Цааха завороженно наблюдает за тем, как отец учит сына двигаться из стороны в сторону, объясняя, что таким образом тот, сбивая с толку противника, не даст возможности прицельной атаки, а после уклона сможет произвести контратаку. Цааха следит за гипнотизирующими движениями мужчины, понимая, что ей тяжело отвести взгляд несмотря на то что сердце начинает биться чаще, словно сообщая об опасности.

Тренирующиеся не замечают присутствия маленькой девочки, полностью сосредоточившись на отрабатываемых движениях.

Спустя какое-то время, Хаганши начинает рассказывать о самом сильном ударе, на который способен шиагарр. И не с помощью шааха, а только бронированным хвостом. Цааха не замечает, как подается вперед в предвкушении того, что, по ее мнению, является важнейшим секретом. Сильнейший удар, на который способен шиагарр! Пальцы девочки сжимаются на деревянной изгороди, что отделяет миниатюрное ристалище от нее.

Хвост мужчины закручивается спиралью вокруг него, а затем он мгновенно взлетает в небо. Словно стрела, пущенная из лука Хаганро. Цааха, приоткрыв рот, смотрит, как мужчина в воздухе переворачивается через голову, и используя инерцию вращения и вес своего тела, обрушивает хвост землю с такой силой, что Цааха подпрыгивает на месте; а грохот заглушает собой все прочие звуки. Несколько мгновений она все еще стоит неподвижно, прокручивая в памяти уверенные движения Хаганши: вращение и удар.

Цааха уползает после того, как юноша начал пытаться повторить продемонстрированное отцом. Неуклюже, без той гипнотизирующей грации и силы, которая приковывала внимание девочки.

Позже Цааха возвращается домой, где застает отца, который заканчивает разделывать тушу рорхарна; и мать, что мастерски срезает густую жесткую шерсть лохматой твари, используя две пары рук одновременно.

— Почему мальчишки не хотят брать меня с собой? — сходу возмущается Цаха.

Отец улыбается. Он переводит взгляд на жену, но та лишь тяжело вздыхает, замечая, как требовательный взгляд дочери следует по той же траектории.

— Потому что у мальчиков совсем иная роль в племени. Они охотники и воины, они являются опорой своего племени.
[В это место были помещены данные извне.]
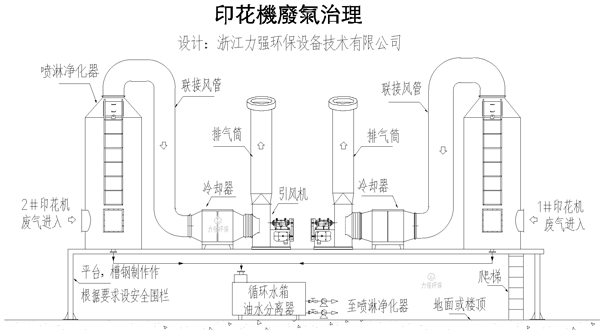 印花機(jī)廢氣治理系統(tǒng)立面布置示意圖
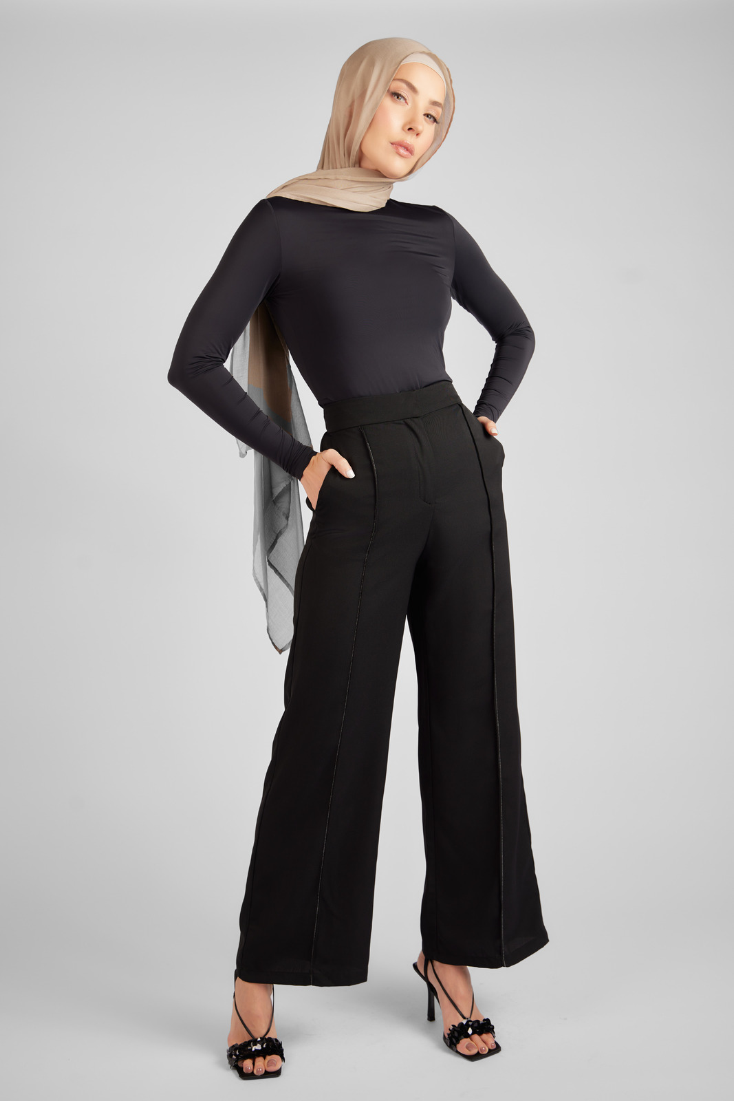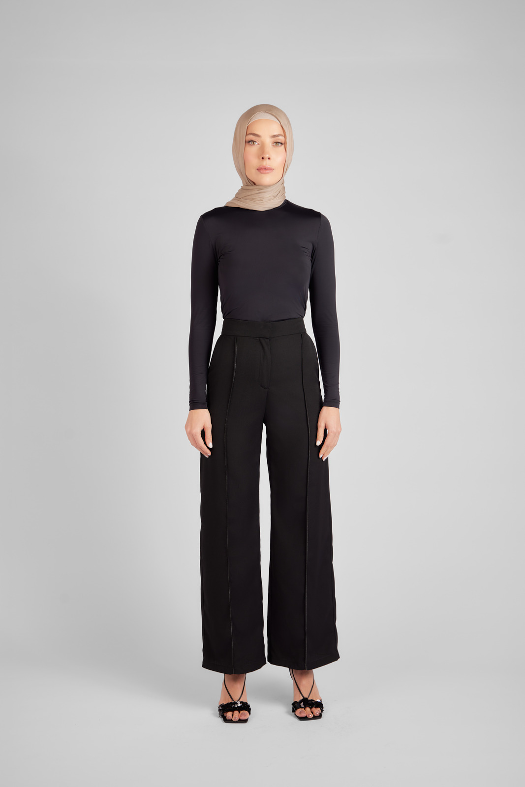 Versatile and sophisticated, these wide leg trousers feature white stitching for a touch of elegance. Ideal for casual or formal occasions, they offer comfort, durability, and endless styling possibilities.Available from 6 to 16

А девочки, в свою очередь, являются опорой для своих охотников и воинов.

— Куда мы без женщин. — Отец убирает мясо в плетеную корзину, окунает руки в таз с водой, которая сразу же окрашивается красным. — Умрем от первой же царапины, в которую попадет какая-нибудь зараза.

Цааха недовольно скрещивает четыре руки и сжимает губы в тонкую линию:

— Я тоже хочу быть воином! Я тоже хочу охотиться! Уметь драться, как воины Хаганши! — Цааха чуть приподнимается на хвосте и старается повторить те плавные движения телом из стороны в сторону, за которыми наблюдала, войдя в коммуну.
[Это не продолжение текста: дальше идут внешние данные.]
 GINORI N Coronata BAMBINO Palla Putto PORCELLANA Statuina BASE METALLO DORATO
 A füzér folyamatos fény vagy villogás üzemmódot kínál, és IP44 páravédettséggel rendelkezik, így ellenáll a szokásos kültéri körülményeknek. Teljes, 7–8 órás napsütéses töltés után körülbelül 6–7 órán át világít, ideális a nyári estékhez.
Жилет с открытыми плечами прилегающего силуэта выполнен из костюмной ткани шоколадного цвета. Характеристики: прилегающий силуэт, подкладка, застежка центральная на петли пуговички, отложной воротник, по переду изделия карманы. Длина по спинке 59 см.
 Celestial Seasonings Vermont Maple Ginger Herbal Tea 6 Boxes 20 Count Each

Отец хочет что-то сказать, но его тут же перебивает мать:

— Делай то, что хочешь. Не думай пока о будущем, о том, что должна будешь сделать и кем должна стать. Просто будь тем ребенком, каким тебе хочется. — Хария мягко улыбается дочери.
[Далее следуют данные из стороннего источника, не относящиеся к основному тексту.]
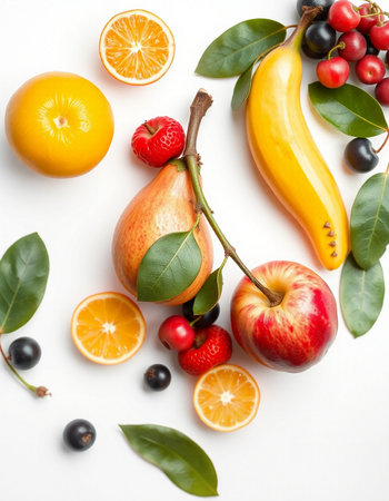 Overhead shot of a selection of fresh fruits, arranged in a flat lay style, with a focus on the vibrant colors and textures of each fruit
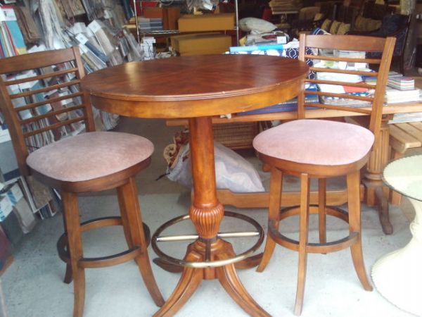 Pub Table Set - 36''dia x 48''H Table with Footrest, Two 32''H Swivel Barstools.
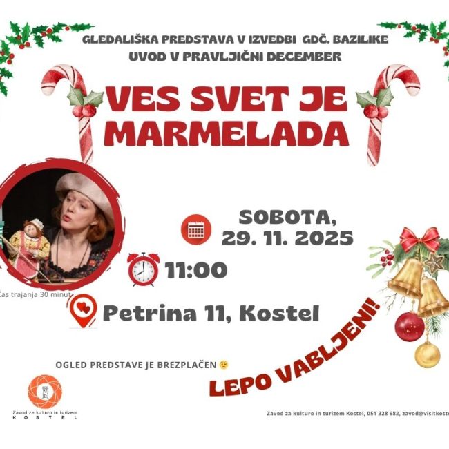 Pravljični december prihaja! Pridružite se nam na čarobni otroški predstavi »Ves svet je marmelada«, kjer bo gdč. Bazilika dokazala, da
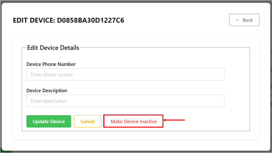 Step 6: Device details will be shown and there will be options to UPDATE DEVICE information or to MAKE DEVICE INACTIVE. Select "Make Device Inactive".
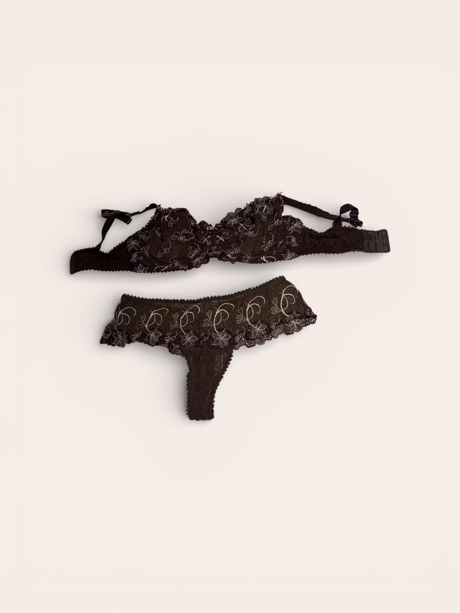 Trusser: Matchende g-streng/string med de samme smukke broderier og gennemsigtige detaljer, der fuldender det elegante look.
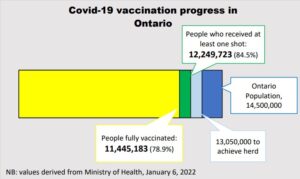 This graph represents Ontario’s progress thus far in the vaccination campaign (see above). The dark blue bar represents the population of Ontario, an estimated 14.5 million. Health officials suggest the critical threshold for vaccination is now estimated to be at least 90% of the population. That translates to roughly 13,050,000 people that would need to be vaccinated to achieve herd immunity against Covid-19.
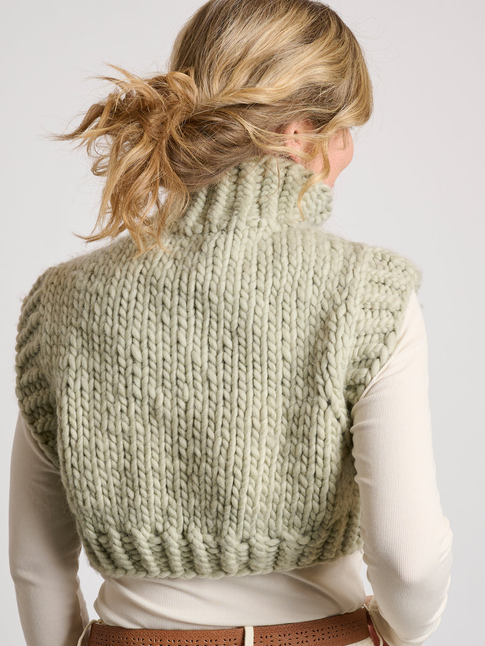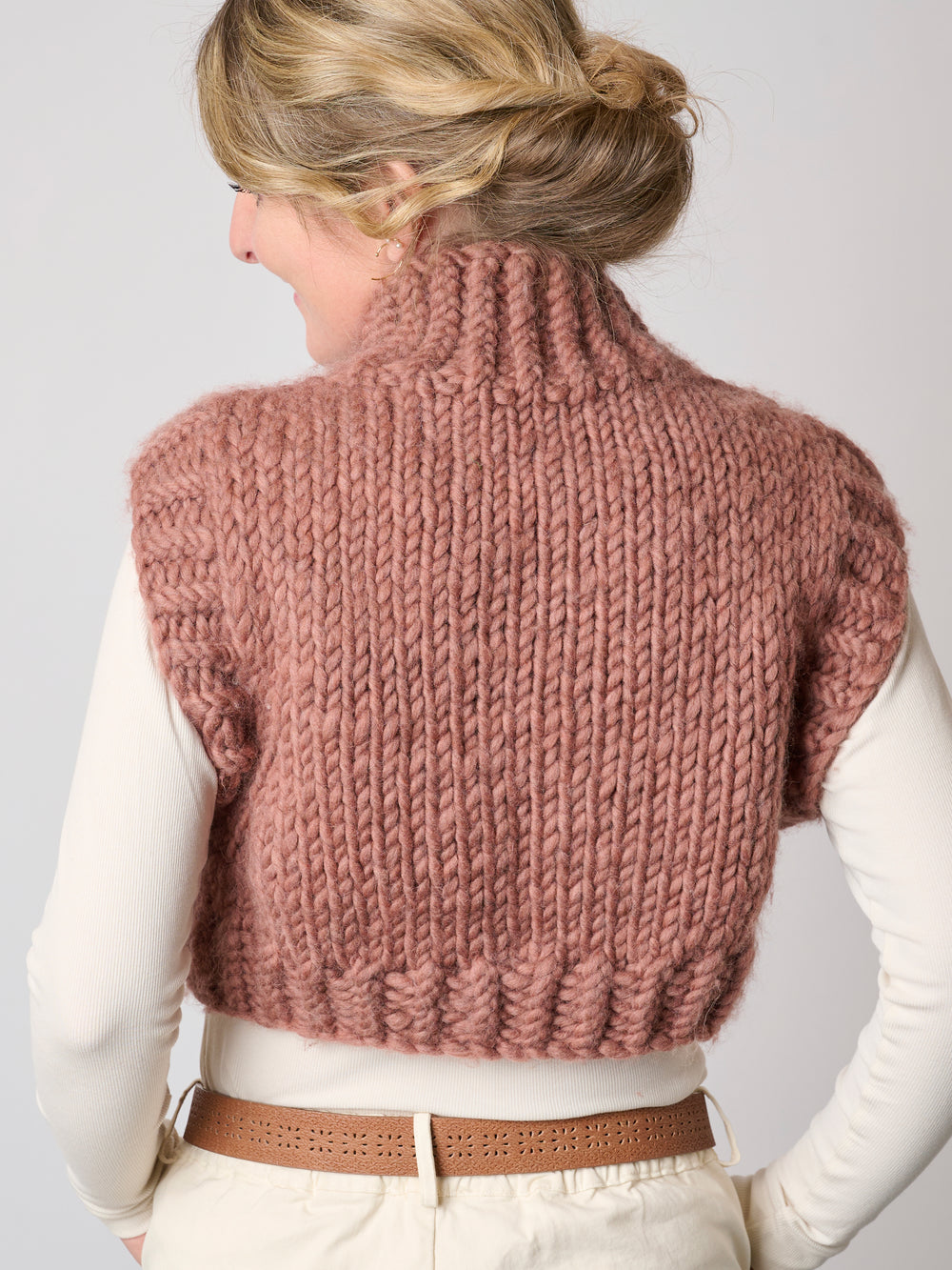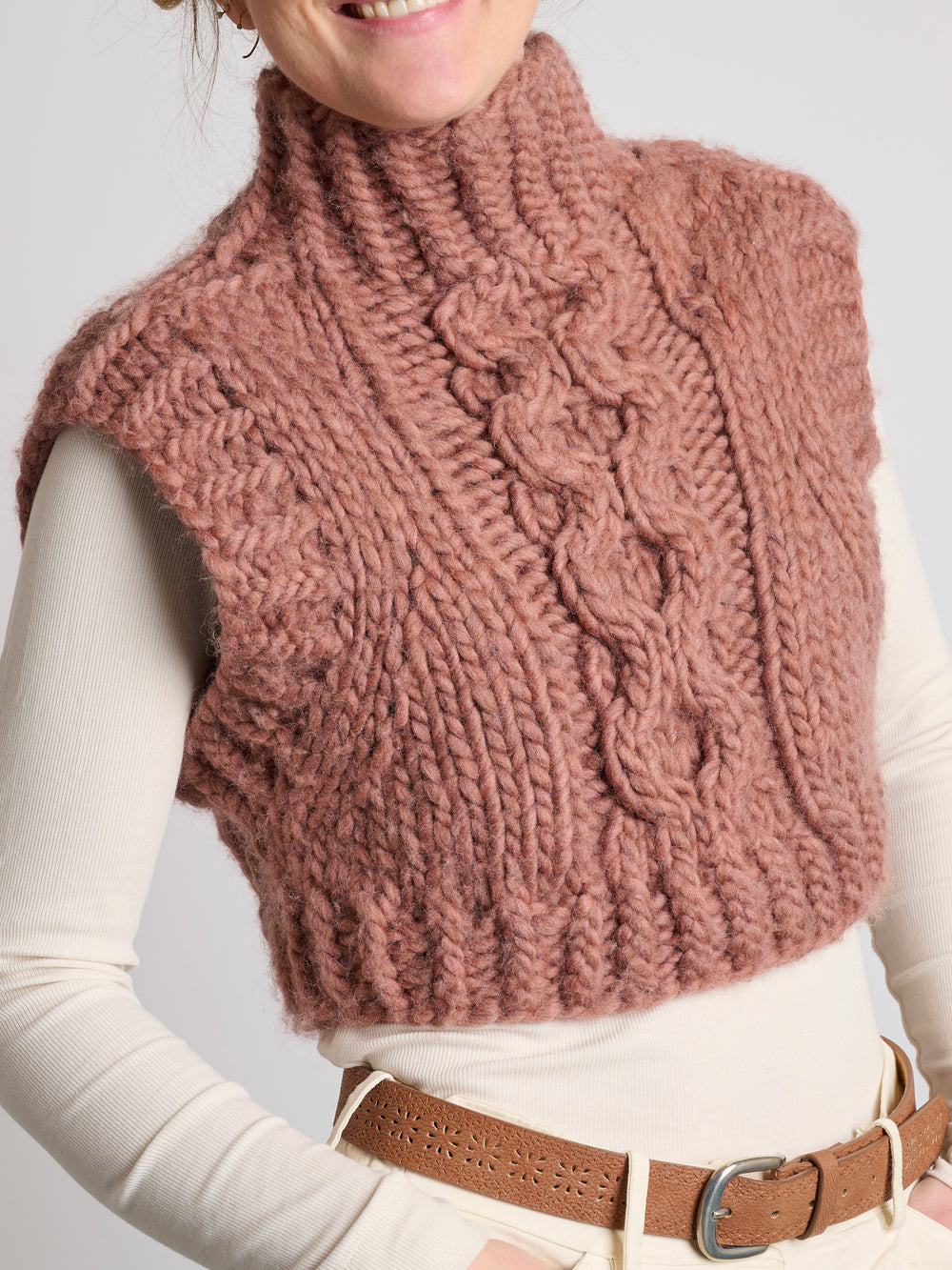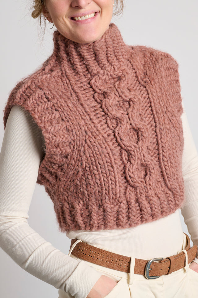 Ten uroczy bezrękawnik to ekscytujący projekt dziewiarski, który można szybko ukończyć. Kamizelka jest wykonana z szerokiego warkocza, który biegnie wzdłuż jej przedniej części. Dodatkowo wokół otworów na ramiona zastosowano ściągacz, co nadaje im dodatkową strukturę i sprawia, że kamizelka prezentuje się ciekawiej wizualnie. Alva to unikalny wzór dziewiarski – modny i łatwy do wykonania. Warkocz jest stosunkowo prosty, dlatego dziergając ten model, można świetnie poćwiczyć technikę robienia warkoczy na drutach.

После услышанных слов Цааха улыбается, а затем уползает к общему огню в центр Харгоно-Рааш, где скоро начнется общая вечерняя трапеза.

— Ты даешь ложные ей ложные надежды, Хария. Роль женщины в племени определена с рождения. Так же, как и роль мужчины. — Рааштор хмурится, смотря на жену, которая продолжает улыбаться, срезая шерсть.

— Она успеет еще столкнуться с теми трудностями, которая таит в себе взрослая жизнь.

— Это что еще за слова, женщина? — глаза Рааштор округляются. — Тебе со мной тяжело?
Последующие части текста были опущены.